Similarly, if you have a debilitating mental heath condition, adhering to a healthy lifestyle is going to be difficult and it is true that sufferers do often attempt to ameliorate their misery with tobacco, alcohol, drugs or food. As an illustration, rates of smoking among those with a diagnosed mental health condition are twice that of the general population.
For Nietzsche then, the body is not to be disregarded. Further, unlike all the most prominent philosophers who preceded him, Nietzsche refuses to esteem reason above the body and its natural instincts. For him, mental life is unequivocally secondary to physiology - our entire psychology follows from our physical circumstances, not just our physical health but also our physical form, our physical functionality, and even our physical appearance.

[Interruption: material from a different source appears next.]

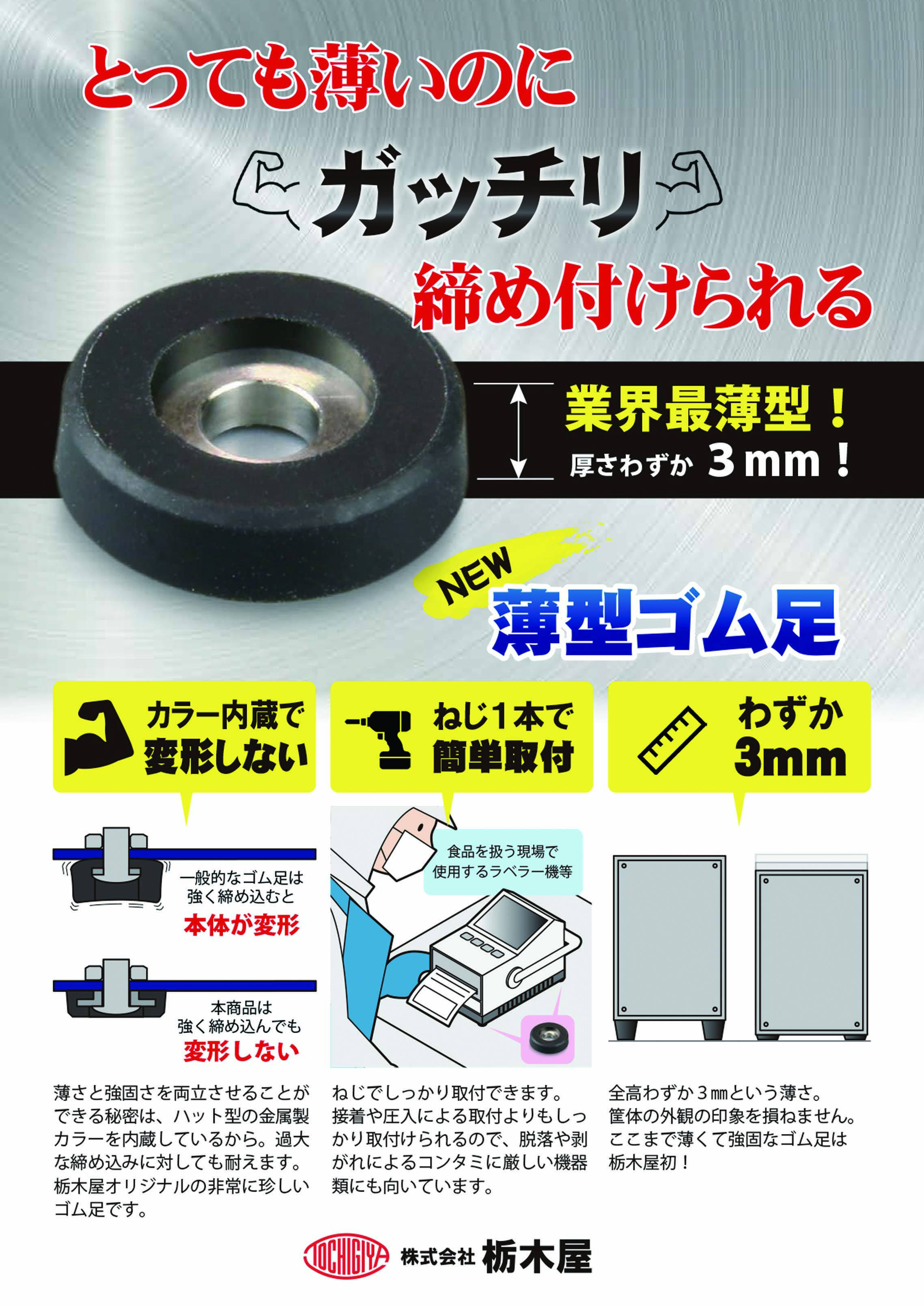 薄型により突出部分が少なく、外観を損なわないゴム足です。

We tend to think of our minds as having primacy over our bodies. We feel the mind, the ego, the ‘I’, is first, and the body is something that belongs to the mind. But if you think about it, things appear to be exactly the other way around. The body has primacy, and the mind is just an aspect of the body. If you reject the Christian doctrine of incarnating souls, it is the body that is formed in the womb well before any substantial mind is present. A newborn baby seems to have little in the way of mind, the cognitive faculties still being in the formative stage. Then, when we die, the body remains even though the mind is gone. The body is first and last.

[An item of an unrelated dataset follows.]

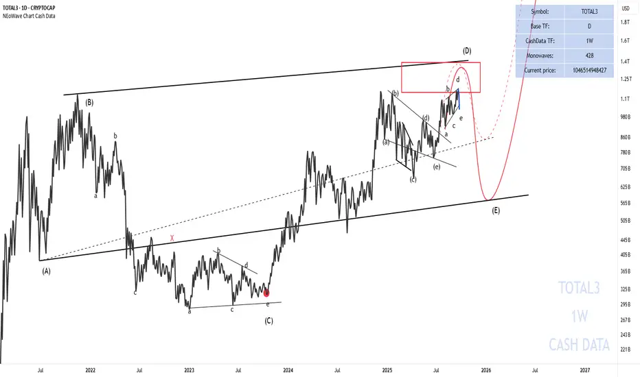 After the completion of wave-d , we observed a 10% drop in #TOTAL3, which led to a significant decline in altcoins.

There is even good scientific evidence that the body controls the mind more than the mind controls the body, with physical impulses towards a particular action being detectable before the subject has made up their mind to act. This casts the whole notion of free will in to doubt, and indeed, Nietzsche was sceptical about free will.
In The Gay Science he writes that all philosophy and metaphysics are actually shaped by ‘the unconscious disguise of physiological needs’. Displaying his famous, withering wit, he even went so far as to suggest that whole philosophical systems were merely the results of stomach upsets in their creators.
Likewise, he claimed physical ugliness was the concealed cause of some world-views, and he believed that the presence of ugliness could discredit such world-views in their entirety.
‘In origin, Socrates belonged to the lowest class: Socrates was plebs. We know, we can still see for ourselves, how ugly he was. But ugliness, in itself an objection - is among the Greeks almost a refutation.’ Twilight of the Idols
For Nietzsche, the ancient Greeks had the right idea about bodies. They naturally admired the fit, healthy, strong and beautiful body without shame, reservation or qualification. When this was married with their equally healthy interest in competition, the result was the Olympic Games - a festival of physical strength and prowess in which, originally, all the athletes competed naked.
The genius of the Games was that they served as an effective and healthy sublimation of the natural impulse to war - ‘agon’. A place where the desire to dominate, the Will to Power, could be discharged safely.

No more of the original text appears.